▸ **About this exercise**
In the material below, find the line with "child’s Batman adventures"; set down that line and every line after it to the end, exactly, without pictures.

(Supplied material Opens)

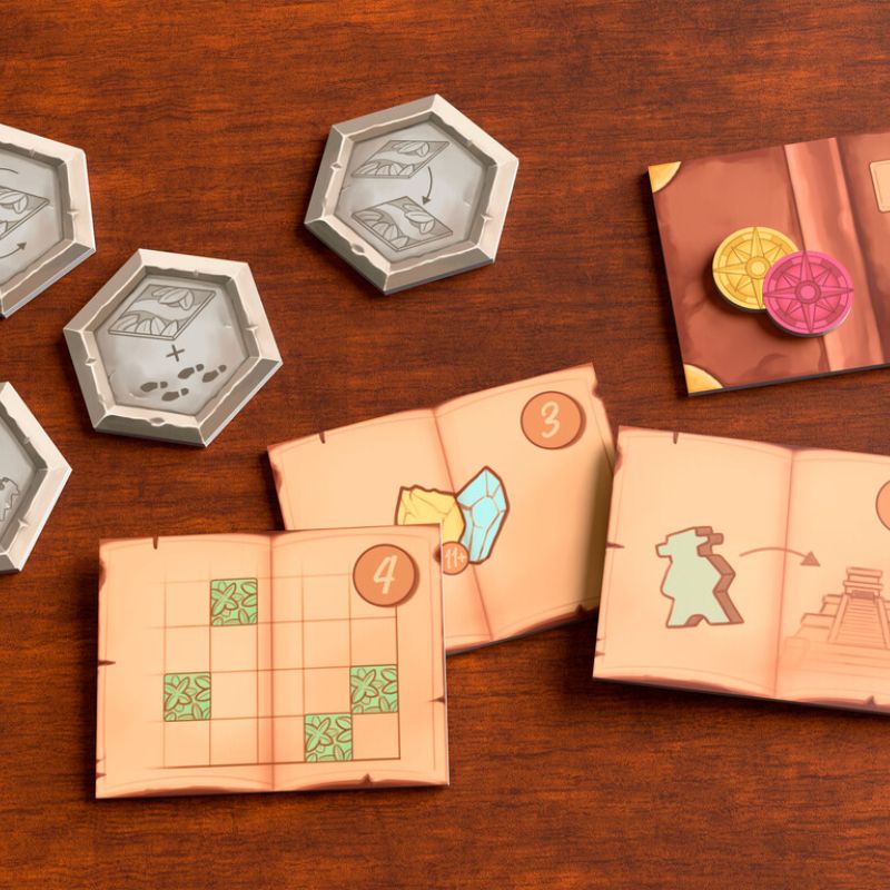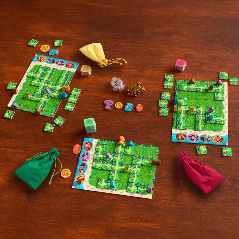 En el recorrido, los jugadores pueden recoger gemas blancas y doradas para obtener puntos adicionales, pero cada decisión cuenta: ¿construir un camino más largo o moverte más rápido? El primero en alcanzar un templo consigue los mayores tesoros, y al final gana quien sume más puntos.
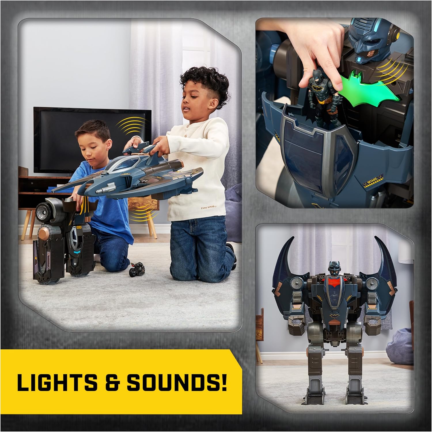 • LIGHTS AND SOUNDS: Experience thrilling action with 40+ sounds and LED lights that bring this playset to life, adding realism and excitement to your child’s Batman adventures
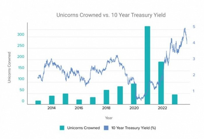 3、2024年预计会出现独角兽关停风。挤干市场水分后,美国独角兽的数量会在一段时间内稳定在350家更健康的公司(目前数量的65%)。

(Supplied material Closes)

▸ **Exercise result**
 • LIGHTS AND SOUNDS: Experience thrilling action with 40+ sounds and LED lights that bring this playset to life, adding realism and excitement to your child’s Batman adventures
 3、2024年预计会出现独角兽关停风。挤干市场水分后,美国独角兽的数量会在一段时间内稳定在350家更健康的公司(目前数量的65%)。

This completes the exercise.